That way it can look at progress across revisions in the series.
Series review: net/zxdh Rx/Tx optimization (v4)
The v3 issues are addressed: pkt_padding() now checks the
rte_pktmbuf_prepend() return for NULL, the simple-path statistics no
longer read past the end of tx_pkts on a ring wrap, and the
zxdh_queue_enable_intr() fix has been split into its own patch 4/4
with a Fixes: tag and Cc: stable. Remaining issues below.

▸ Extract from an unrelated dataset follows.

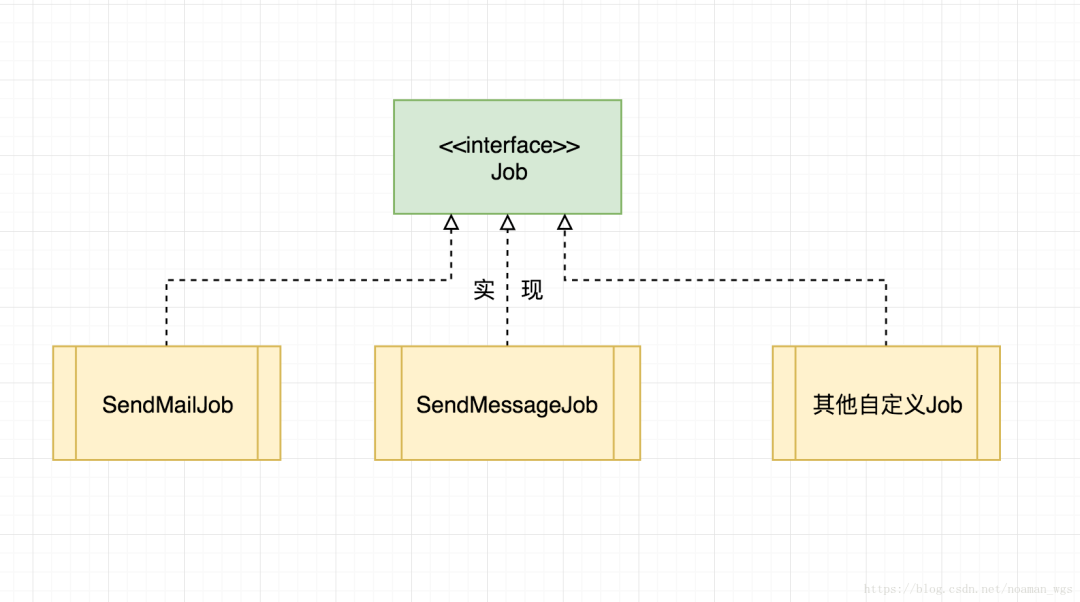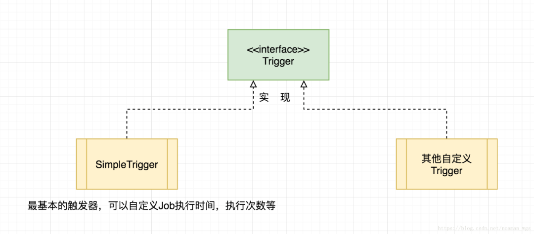 //定义一个作业类,实现用户的业务逻辑public class HelloJob implements Job {......实现业务逻辑}//根据作业类得到JobDetailJobDetail jobDetail = JobBuilder.newJob(HelloJob.class)//定义一个触发器,按照规定的时间调度作业Trigger trigger = TriggerBuilder.newTrigger("每隔1分钟执行一次")//根据作业类和触发器创建调度器Scheduler scheduler = scheduler.scheduleJob(jobDetail,trigger);//启动调度器,开始执行任务scheduler .start()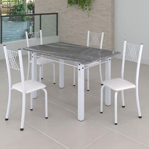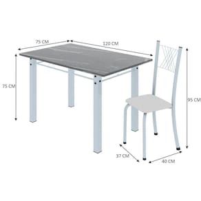 Quer deixar sua casa completa? Uma dica bacana de como transformar o seu lar, deixando-o mais receptivo e bonito? Então você precisa de móveis indispensáveis e deixar seu lar muito mais aconchegante, receptivo e sempre disponível para receber a visita de amigos, familiares e convidados. Você vai se apaixonar por este incrível Conjunto de Mesa com 4 Cadeiras Dany. Ideal para cozinha, ele é a melhor opção para completar o espaço. Aproveite!! Medida da Mesa (A x L x P): 75 cm x 75 cm x 120 cm Peso da Mesa: 55,8 kg Mesa suporta até: 8.0000 Acabamento da Cadeira/Banco: Pintura Texturizada Acabamento da Mesa: Pintura Texturizada Ambiente Principal: Cozinha Cadeira/Banco estofada: Somente Assento Estofado Cadeira/Banco suporta até: 120.0000 codigo_ean: 7909903360446 Complexidade da Montagem: Média: pode ser montado por mais de uma pessoa e/ou necessite de maior conhecimento para montagem Cor: Branco Liso/Branco Cor do Produto: Branco Liso/Branco Escala de Brilho: Semi-Brilho Espessura do Tampo: 15 mm Itens Inclusos: 1 Mesa, 4 Cadeiras, Kit Ferragens e Manual de Montagem Linha ou Coleção: Sara Manual de Especificação Técnica: https://product-hub-prd.madeiramadeira.com.br/860620/documents/7036e902-18bf-43c6-90bb-609afe3ba1d4parasaladejantarv02yescasa.pdf Manual de Montagem e Instalação: https://product-hub-prd.madeiramadeira.com.br/860620/documents/3d523024-c333-46dd-8368-6dbb818f2ecfaziosaladejantarv02yescasa.pdf Manutenção: Pano levemente umedecido e pano seco. Não utilizar produtos de limpeza abrasivos. Material da Base da Mesa: Aço Material da Estrutura da Cadeira: Aço Material do Tampo: Granito Medida da Base (A x L x P): 74,3 cm x 108 cm x 63,5 cm Medida da Cadeira/Banco (A x L x P): 95 cm x 40 cm x 37 cm Medida do Tampo (L x C x E): 75 cm x 120 cm x 1,5 cm Necessita Montagem: Sim Origem do Produto: Nacional Peso da Cadeira/Banco: 2,94 kg Possui Apoio Para os Pés: Não Quantidade de Cadeiras: 4 Quantidade de Lugares: 04 Recomendações de Uso, Manutenção e Limpeza: Pano levemente umedecido e pano seco. Não utilizar produtos de limpeza abrasivos. Sistema de Montagem: Parafusos

[PATCH v4 2/4] net/zxdh: optimize Rx recv pkts performance
Error: zxdh_recv_single_pkts() does not compact rcv_pkts[] on a
mid-burst failure, so a freed mbuf can be returned to the application
and a valid mbuf can be leaked.
for (i = 0; i < num; i++) {
struct rte_mbuf *rxm = rcv_pkts[i];
uint16_t len = lens[i];
if (unlikely(zxdh_init_mbuf(rxm, len, hw, &vq->rxq) < 0))
continue;
zxdh_update_packet_stats(&rxvq->stats, rxm);
nb_rx++;
}
zxdh_init_mbuf() frees rxm on failure (num_buffers != 1, or
data_len != pkt_len). The loop then skips it via continue but never
writes the surviving mbufs down to rcv_pkts[nb_rx]. If packet i fails
and a later packet j > i succeeds, the valid mbuf stays at rcv_pkts[j]
while the caller is told only nb_rx packets are valid. The caller reads
rcv_pkts[0..nb_rx-1], which now includes the freed slot at index i
(use-after-free) and never sees the valid mbuf at index j (leak).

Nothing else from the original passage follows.